Saturday, March 29, 2025

The pets of the classical era

Cyprus has always kept cats, like the Near East has long had bronze. Lately, we've seen Questions about when real bronzes actually got to southeast Europe - the classical Greece and maybe Cyrenaica. We're hearing similar about the cat. Some claim that the Greeks preferred polecats, that is the semidomestic ferret. Aristotle, for one, knew of tamed mustelids; it is probably the ferret, useful for rabbit-riddance.

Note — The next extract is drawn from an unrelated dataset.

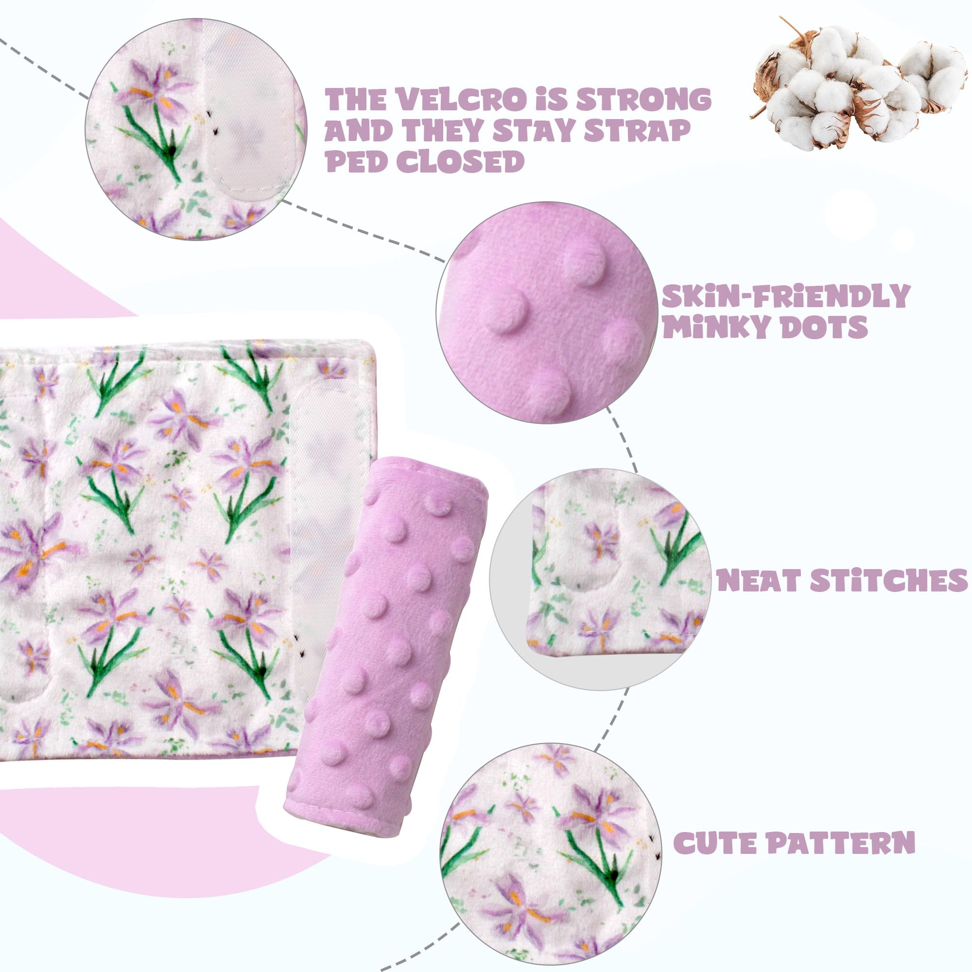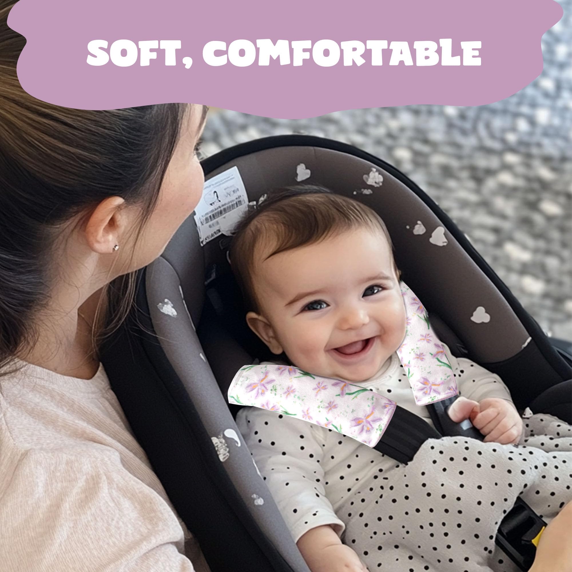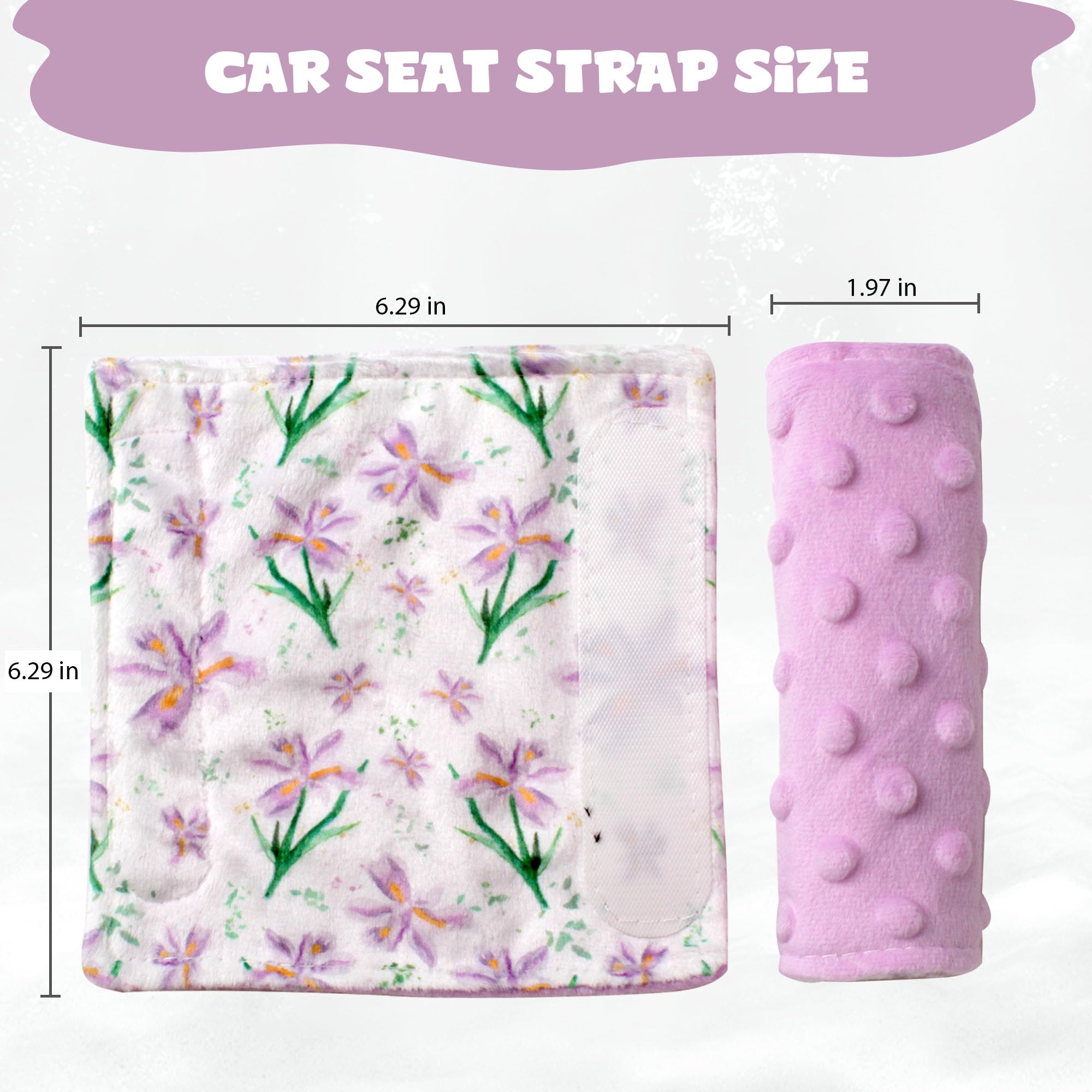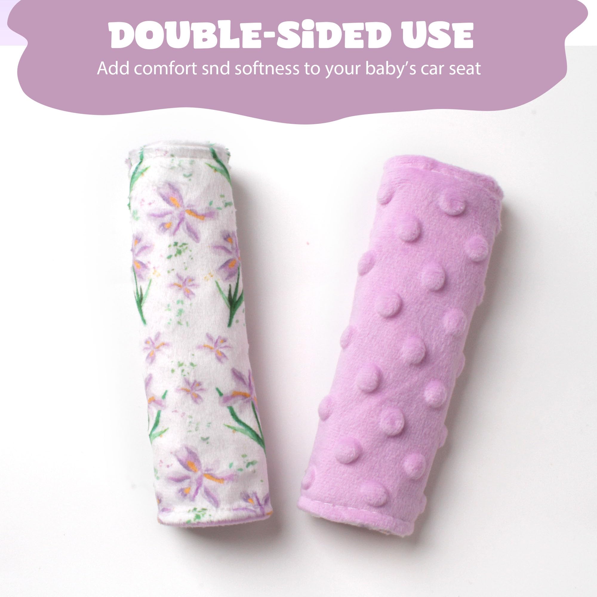 Soft and Cushiony: - Super soft on both sides of the car seat strap covers. Soft, pretty velvet on one side and minky dots on the other side! Added comfort snd softness to the car seat. No more red cut marks from seat belts!

Herodotus knew the cat well-enough to describe feline sex-politics where the cat isn't fully domestic, accurately as far as I know (it matches how male lions treat, say, cheetah cubs). He saved that for his account of Bubastis in Egypt. Some conclude he didn't see many cats in Greece. More likely, he just didn't like 'em: cats shared the reputation of mustelids, that they attacked birds.

The claim "yes ferret no cat" somewhat fails to account for the appearance of cats (and maybe the domestic rooster) in Etruscan grave-frescoes. Certainly as chickens and other fowl were being kept in coops, those keepers didn't want cats anymore than mustelids. Look what a pest the mongoose has become in Barbados.

Anyway: Sardinian cats were introduced, from lybica of course, around the Iron Age. The same study has that other cats extant in Europe today, besides imports like Milo's beloved Bengal, came later and separately.

To me this looks like feral cats roamed cities in Iron Age Europe but were not much beloved there. They were treated more as pests than as friends. It may have been the Hellenistic Era, when Egypt was integrated with the Greek and (increasingly) Roman world, that increasingly-urban Europeans acquired interest in cats as companions. Which cats they imported, rather than simply grabbing cats off their own streets.